* Directions for this task: Please set down each line of the data again, unchanged.

* Records for the exercise:
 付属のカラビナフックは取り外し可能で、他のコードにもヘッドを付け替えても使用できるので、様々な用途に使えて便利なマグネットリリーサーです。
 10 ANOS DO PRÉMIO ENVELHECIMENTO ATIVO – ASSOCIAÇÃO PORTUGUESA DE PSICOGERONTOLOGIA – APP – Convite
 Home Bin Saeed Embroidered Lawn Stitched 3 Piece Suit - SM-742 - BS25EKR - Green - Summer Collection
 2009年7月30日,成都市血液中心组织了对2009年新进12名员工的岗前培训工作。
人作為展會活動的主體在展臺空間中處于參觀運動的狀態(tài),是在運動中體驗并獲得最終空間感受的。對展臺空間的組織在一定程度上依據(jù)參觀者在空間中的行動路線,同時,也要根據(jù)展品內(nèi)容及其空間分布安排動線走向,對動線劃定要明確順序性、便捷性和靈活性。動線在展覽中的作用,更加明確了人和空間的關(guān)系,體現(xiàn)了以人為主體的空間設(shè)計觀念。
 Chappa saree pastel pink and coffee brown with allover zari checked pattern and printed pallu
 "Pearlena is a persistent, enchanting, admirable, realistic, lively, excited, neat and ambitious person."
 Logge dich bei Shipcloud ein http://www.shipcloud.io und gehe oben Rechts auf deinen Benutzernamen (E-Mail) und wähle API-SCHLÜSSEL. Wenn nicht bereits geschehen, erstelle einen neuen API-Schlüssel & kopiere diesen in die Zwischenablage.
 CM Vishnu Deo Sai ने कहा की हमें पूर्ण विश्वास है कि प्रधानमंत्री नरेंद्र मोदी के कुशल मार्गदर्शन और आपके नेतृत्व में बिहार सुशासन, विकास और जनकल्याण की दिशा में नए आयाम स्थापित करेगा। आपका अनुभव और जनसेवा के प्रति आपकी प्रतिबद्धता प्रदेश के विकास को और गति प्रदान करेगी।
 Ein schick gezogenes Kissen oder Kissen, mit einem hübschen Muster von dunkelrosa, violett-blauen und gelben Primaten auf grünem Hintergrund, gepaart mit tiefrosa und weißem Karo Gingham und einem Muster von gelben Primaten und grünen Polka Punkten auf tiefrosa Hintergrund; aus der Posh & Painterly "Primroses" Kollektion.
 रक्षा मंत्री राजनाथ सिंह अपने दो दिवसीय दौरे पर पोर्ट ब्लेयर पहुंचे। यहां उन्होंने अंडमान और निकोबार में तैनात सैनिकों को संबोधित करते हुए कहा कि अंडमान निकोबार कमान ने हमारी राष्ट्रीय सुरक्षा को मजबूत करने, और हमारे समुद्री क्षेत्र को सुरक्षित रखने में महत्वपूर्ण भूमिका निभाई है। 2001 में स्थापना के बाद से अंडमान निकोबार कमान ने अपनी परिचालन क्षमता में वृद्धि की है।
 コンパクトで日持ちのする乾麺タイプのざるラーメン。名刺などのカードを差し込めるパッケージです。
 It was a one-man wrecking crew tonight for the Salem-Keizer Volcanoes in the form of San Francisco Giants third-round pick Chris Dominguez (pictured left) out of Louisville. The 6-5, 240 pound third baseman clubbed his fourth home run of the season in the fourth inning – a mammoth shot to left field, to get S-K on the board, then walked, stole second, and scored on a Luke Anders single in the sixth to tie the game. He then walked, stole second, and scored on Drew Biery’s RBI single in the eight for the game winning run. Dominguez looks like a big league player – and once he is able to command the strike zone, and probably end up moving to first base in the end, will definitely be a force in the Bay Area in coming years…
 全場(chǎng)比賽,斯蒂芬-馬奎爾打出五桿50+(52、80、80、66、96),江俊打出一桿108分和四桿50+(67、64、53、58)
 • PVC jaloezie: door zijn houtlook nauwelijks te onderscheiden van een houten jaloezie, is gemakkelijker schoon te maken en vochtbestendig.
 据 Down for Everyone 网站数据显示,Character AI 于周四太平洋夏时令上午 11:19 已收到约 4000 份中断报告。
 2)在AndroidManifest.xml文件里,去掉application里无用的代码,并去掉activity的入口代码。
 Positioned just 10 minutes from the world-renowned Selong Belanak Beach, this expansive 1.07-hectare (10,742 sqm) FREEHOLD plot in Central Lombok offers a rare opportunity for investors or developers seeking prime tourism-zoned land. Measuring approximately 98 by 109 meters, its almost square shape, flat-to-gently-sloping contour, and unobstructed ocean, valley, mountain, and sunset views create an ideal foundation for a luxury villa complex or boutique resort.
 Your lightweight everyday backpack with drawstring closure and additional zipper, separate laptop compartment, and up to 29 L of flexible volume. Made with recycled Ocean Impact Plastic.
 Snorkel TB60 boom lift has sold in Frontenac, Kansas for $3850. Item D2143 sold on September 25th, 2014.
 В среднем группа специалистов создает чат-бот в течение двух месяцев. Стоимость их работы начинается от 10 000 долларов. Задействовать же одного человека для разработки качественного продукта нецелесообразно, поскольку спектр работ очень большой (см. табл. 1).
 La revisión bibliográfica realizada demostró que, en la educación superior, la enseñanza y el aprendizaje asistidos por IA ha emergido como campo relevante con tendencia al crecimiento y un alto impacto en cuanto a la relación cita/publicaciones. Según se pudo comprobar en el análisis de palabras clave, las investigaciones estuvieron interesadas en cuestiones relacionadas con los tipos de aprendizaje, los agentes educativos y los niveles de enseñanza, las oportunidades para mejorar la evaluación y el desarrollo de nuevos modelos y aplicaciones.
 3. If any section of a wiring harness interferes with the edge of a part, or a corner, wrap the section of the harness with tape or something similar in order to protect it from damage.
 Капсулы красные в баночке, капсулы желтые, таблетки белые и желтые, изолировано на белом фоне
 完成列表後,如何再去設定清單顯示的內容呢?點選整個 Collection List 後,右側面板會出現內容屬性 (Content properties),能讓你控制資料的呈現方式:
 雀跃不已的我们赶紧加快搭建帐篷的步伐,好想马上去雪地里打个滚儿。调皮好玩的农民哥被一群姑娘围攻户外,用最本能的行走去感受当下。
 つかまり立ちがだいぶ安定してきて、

* Task result:
 付属のカラビナフックは取り外し可能で、他のコードにもヘッドを付け替えても使用できるので、様々な用途に使えて便利なマグネットリリーサーです。
 10 ANOS DO PRÉMIO ENVELHECIMENTO ATIVO – ASSOCIAÇÃO PORTUGUESA DE PSICOGERONTOLOGIA – APP – Convite
 Home Bin Saeed Embroidered Lawn Stitched 3 Piece Suit - SM-742 - BS25EKR - Green - Summer Collection
 2009年7月30日,成都市血液中心组织了对2009年新进12名员工的岗前培训工作。
人作為展會活動的主體在展臺空間中處于參觀運動的狀態(tài),是在運動中體驗并獲得最終空間感受的。對展臺空間的組織在一定程度上依據(jù)參觀者在空間中的行動路線,同時,也要根據(jù)展品內(nèi)容及其空間分布安排動線走向,對動線劃定要明確順序性、便捷性和靈活性。動線在展覽中的作用,更加明確了人和空間的關(guān)系,體現(xiàn)了以人為主體的空間設(shè)計觀念。
 Chappa saree pastel pink and coffee brown with allover zari checked pattern and printed pallu
 "Pearlena is a persistent, enchanting, admirable, realistic, lively, excited, neat and ambitious person."
 Logge dich bei Shipcloud ein http://www.shipcloud.io und gehe oben Rechts auf deinen Benutzernamen (E-Mail) und wähle API-SCHLÜSSEL. Wenn nicht bereits geschehen, erstelle einen neuen API-Schlüssel & kopiere diesen in die Zwischenablage.
 CM Vishnu Deo Sai ने कहा की हमें पूर्ण विश्वास है कि प्रधानमंत्री नरेंद्र मोदी के कुशल मार्गदर्शन और आपके नेतृत्व में बिहार सुशासन, विकास और जनकल्याण की दिशा में नए आयाम स्थापित करेगा। आपका अनुभव और जनसेवा के प्रति आपकी प्रतिबद्धता प्रदेश के विकास को और गति प्रदान करेगी।
 Ein schick gezogenes Kissen oder Kissen, mit einem hübschen Muster von dunkelrosa, violett-blauen und gelben Primaten auf grünem Hintergrund, gepaart mit tiefrosa und weißem Karo Gingham und einem Muster von gelben Primaten und grünen Polka Punkten auf tiefrosa Hintergrund; aus der Posh & Painterly "Primroses" Kollektion.
 रक्षा मंत्री राजनाथ सिंह अपने दो दिवसीय दौरे पर पोर्ट ब्लेयर पहुंचे। यहां उन्होंने अंडमान और निकोबार में तैनात सैनिकों को संबोधित करते हुए कहा कि अंडमान निकोबार कमान ने हमारी राष्ट्रीय सुरक्षा को मजबूत करने, और हमारे समुद्री क्षेत्र को सुरक्षित रखने में महत्वपूर्ण भूमिका निभाई है। 2001 में स्थापना के बाद से अंडमान निकोबार कमान ने अपनी परिचालन क्षमता में वृद्धि की है।
 コンパクトで日持ちのする乾麺タイプのざるラーメン。名刺などのカードを差し込めるパッケージです。
 It was a one-man wrecking crew tonight for the Salem-Keizer Volcanoes in the form of San Francisco Giants third-round pick Chris Dominguez (pictured left) out of Louisville. The 6-5, 240 pound third baseman clubbed his fourth home run of the season in the fourth inning – a mammoth shot to left field, to get S-K on the board, then walked, stole second, and scored on a Luke Anders single in the sixth to tie the game. He then walked, stole second, and scored on Drew Biery’s RBI single in the eight for the game winning run. Dominguez looks like a big league player – and once he is able to command the strike zone, and probably end up moving to first base in the end, will definitely be a force in the Bay Area in coming years…
 全場(chǎng)比賽,斯蒂芬-馬奎爾打出五桿50+(52、80、80、66、96),江俊打出一桿108分和四桿50+(67、64、53、58)
 • PVC jaloezie: door zijn houtlook nauwelijks te onderscheiden van een houten jaloezie, is gemakkelijker schoon te maken en vochtbestendig.
 据 Down for Everyone 网站数据显示,Character AI 于周四太平洋夏时令上午 11:19 已收到约 4000 份中断报告。
 2)在AndroidManifest.xml文件里,去掉application里无用的代码,并去掉activity的入口代码。
 Positioned just 10 minutes from the world-renowned Selong Belanak Beach, this expansive 1.07-hectare (10,742 sqm) FREEHOLD plot in Central Lombok offers a rare opportunity for investors or developers seeking prime tourism-zoned land. Measuring approximately 98 by 109 meters, its almost square shape, flat-to-gently-sloping contour, and unobstructed ocean, valley, mountain, and sunset views create an ideal foundation for a luxury villa complex or boutique resort.
 Your lightweight everyday backpack with drawstring closure and additional zipper, separate laptop compartment, and up to 29 L of flexible volume. Made with recycled Ocean Impact Plastic.
 Snorkel TB60 boom lift has sold in Frontenac, Kansas for $3850. Item D2143 sold on September 25th, 2014.
 В среднем группа специалистов создает чат-бот в течение двух месяцев. Стоимость их работы начинается от 10 000 долларов. Задействовать же одного человека для разработки качественного продукта нецелесообразно, поскольку спектр работ очень большой (см. табл. 1).
 La revisión bibliográfica realizada demostró que, en la educación superior, la enseñanza y el aprendizaje asistidos por IA ha emergido como campo relevante con tendencia al crecimiento y un alto impacto en cuanto a la relación cita/publicaciones. Según se pudo comprobar en el análisis de palabras clave, las investigaciones estuvieron interesadas en cuestiones relacionadas con los tipos de aprendizaje, los agentes educativos y los niveles de enseñanza, las oportunidades para mejorar la evaluación y el desarrollo de nuevos modelos y aplicaciones.
 3. If any section of a wiring harness interferes with the edge of a part, or a corner, wrap the section of the harness with tape or something similar in order to protect it from damage.
 Капсулы красные в баночке, капсулы желтые, таблетки белые и желтые, изолировано на белом фоне
 完成列表後,如何再去設定清單顯示的內容呢?點選整個 Collection List 後,右側面板會出現內容屬性 (Content properties),能讓你控制資料的呈現方式:
 雀跃不已的我们赶紧加快搭建帐篷的步伐,好想马上去雪地里打个滚儿。调皮好玩的农民哥被一群姑娘围攻户外,用最本能的行走去感受当下。
 つかまり立ちがだいぶ安定してきて、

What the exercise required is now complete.